It seems like Bloom filters are all the rage these days. Three years ago I had barely heard of them and now it seems like I see articles and code using them all the time. That’s mostly a good thing, since bloom filters are a very useful tool to avoid performing expensive computations without the full memory overhead of a standard map/dictionary.
Bloom filters are surprisingly simple: divide a memory area into buckets (one bit per bucket for a standard bloom filter; more — typically four — for a counting bloom filter). To insert a key, generate several hashes per key, and mark the buckets for each hash.
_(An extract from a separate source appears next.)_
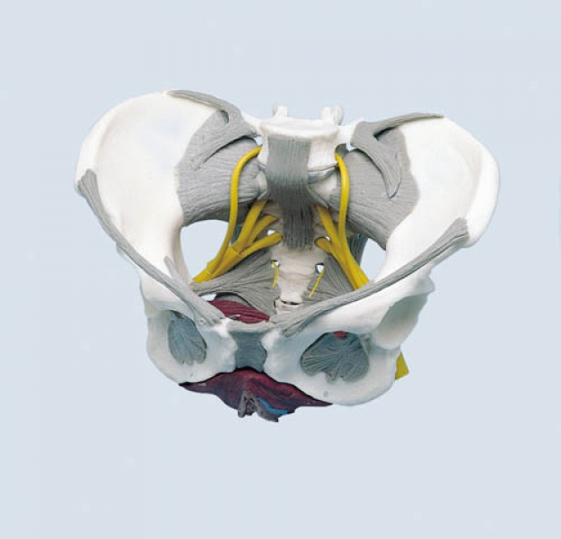 Beckenmodell wie 4070, jedoch mit Darstellung des Bandapparates, der Nerven und einer herausnehmbaren, zweiteiligen Beckenbodenmuskulatur. Größe: 27 x 18 x 19 cm

To check if a key is present, check each bucket; if any bucket is empty, the key was never inserted in the filter. If all buckets are non-empty, though, the key is only probably inserted — other keys’ hashes could have covered the same buckets. Determining exactly how big to make the filter and how many hashes to use to achieve a given false positive rate is a solved problem; the math is out there.
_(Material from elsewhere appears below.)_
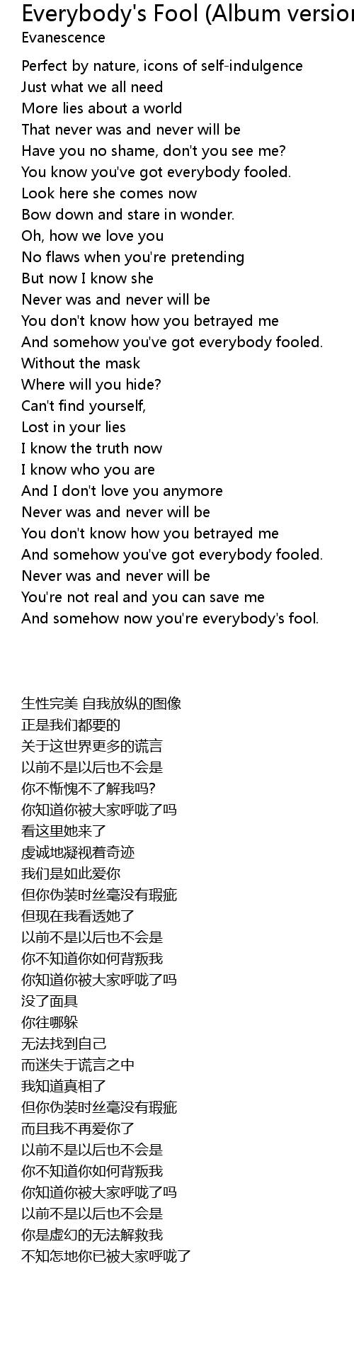 And somehow now you're everybody's fool. |

But it turns out that it’s surprisingly hard to find good information on one part of the implementation: how do you generate an indefinite number of hashes? Even small filters will use three or four; a dozen or more is not unheard of.
Cassandra uses bloom filters to save IO when performing a key lookup: each SSTable has a bloom filter associated with it that Cassandra checks before doing any disk seeks, making queries for keys that don’t exist almost free. Unfortunately, Cassandra was using perhaps the worst possible implementation of hash functions: a hardcoded list of hash functions, apparently from this page. A lot of those hashes are reimplementations of the same algorithm! For 6 or less hash functions, Cassandra was only actually generating 2 distinct hash values, so the false positive rate was far far higher than would have been expected.
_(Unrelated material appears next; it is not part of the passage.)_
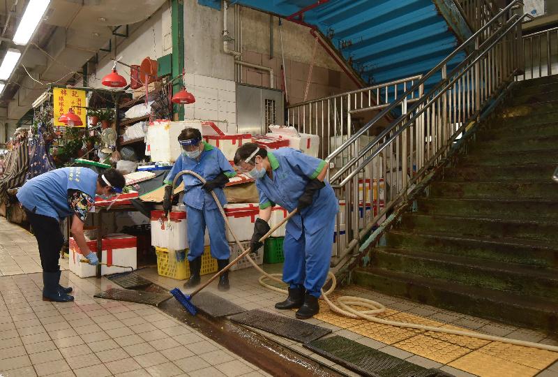 食環署發言人表示,一直關注公眾街市的衞生情況,除日間的恆常清潔工作外,街市管理服務承辦商於每日街市關閉後均會在各街巿進行徹底清潔。疫情期間,食環署已加強街市公用地方及設施的清潔及消毒工作,包括廁所、自動扶手梯、升降機、樓梯扶手等的清潔,每天定時使用稀釋家用漂白水消毒,亦已於街市範圍內放置消毒搓手液供市民使用。
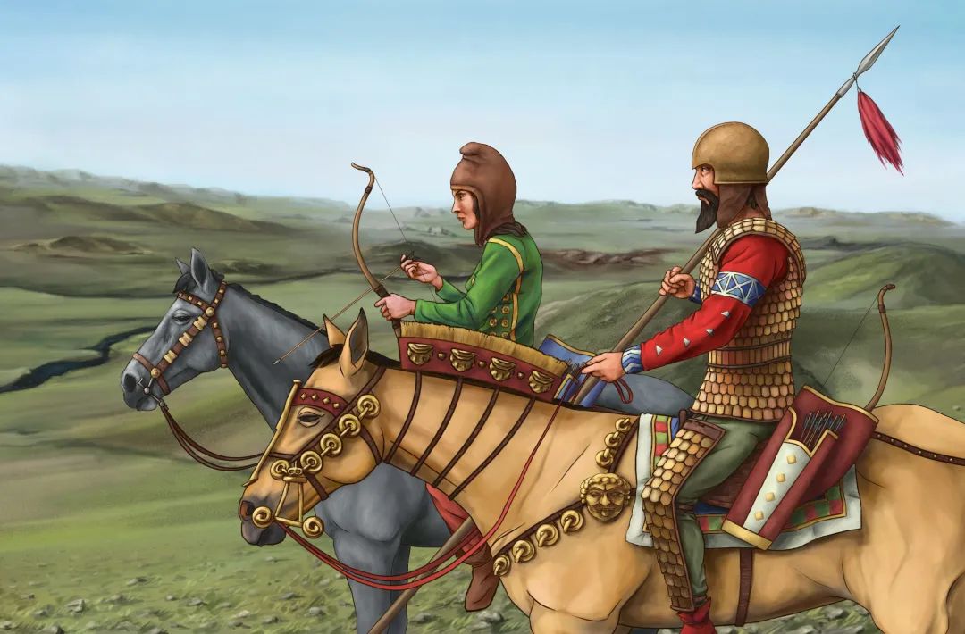 当然这一波迁徙路上也留下了一些分支部族,成为日后的分支故事线。比如一部分留在阿尔泰山南麓的吐火罗先民,接受了骑术在亚欧大陆内部扩散的技术成果,日益游牧化,成为了游牧的吐火罗人。至今族源存在争议的月氏人,也吸收了这一波技术,在战国时代,游牧到了敦煌-祁连之间,他们与吐火罗人有着非常密切的关系,乃至你中有我我中有你。日后月氏人因为新的战争,被分化为大月氏和小月氏。

Judging from the bloom filter implementations out there, generating appropriate hashes is surprisingly hard to get right. One implementation in java uses object.hashCode() to seed the stdlib’s PRNG and calls Random.nextInt() to generate the bloom hashes. This works okay for small filters but the false positive rate is up to 140% of the expected rate for large filters. This one in python combines the stdlib hash and a pjw hash with simple arithmetic to achieve “only” an extra 10-15% false positives.
It turns out that most off-the-shelf algorithms suck for bloom filter purposes because their output isn’t distributed well-enough across the (32-bit) hash space; most hash function authors are more concerned with speed than achieving a really good output distribution. For a lot of applications, this is a good tradeoff, but you are presumably using a bloom filter because a filter hit requires a relatively very expensive operation, so double-digit increases in this rate is Very Bad. (So I would be skeptical of any home-made hash function generator too, like PyBloom’s.)
There are two approaches that I found generate results in line with the theoretical predictions. One is to use a cryptographic hash function like SHA-1. Cryptography’s requirements may be overkill for a bloom filter, but crypto hashes do spread their output uniformly across the hash space. So SHA-1 works fine, and you can feed the hash a constant or part of the earlier-generated hash to generate extra data as needed so you’re not limited to 5 hashes. (Although Java makes this a pain by having all the digest methods also reset the hash to uninitialized. Explicit is better than implicit!)
The other is the jenkins and murmur hashes, which are used by hadoop’s bloom filter implementation. You get as many hashes as you want by using the output of hash#i as the initial value for hash#i+1. Both of these generate very well-distributed hashes, and are about twice as fast as the SHA approach, respectively, for 5 hashes, with murmur being about 10% faster than jenkins. (Remember, SHA will give you 160 bits of pseudo-randomness at a time, so these hashes will be faster still depending on how far you are from a multiple of that.)
In short: use the murmur hash in your bloom filter. If you’re using java, you can grab Cassandra’s implementation from my github tree until our new repository is up at the apache incubation site. Unfortunately it’s spread across half a dozen files, without even counting the tests. Start with [Counting]BloomFilter and go up from there. Your other option is Hadoop’s (if you grab it from svn, because that has my fix included), which is even less self-contained and requires wrapping your keys in a Key object. Sorry.
Bonus tip: if you do roll your own, you should probably port Cassandra’s test suite to your language of choice. In particular, nobody else bothers to check that false positive rates are within what is predicted by the math, but if you don’t, it’s easy for bugs that pass simple tests to slip by, like the one in Cassandra’s older implementation, or the one I found in Hadoop’s.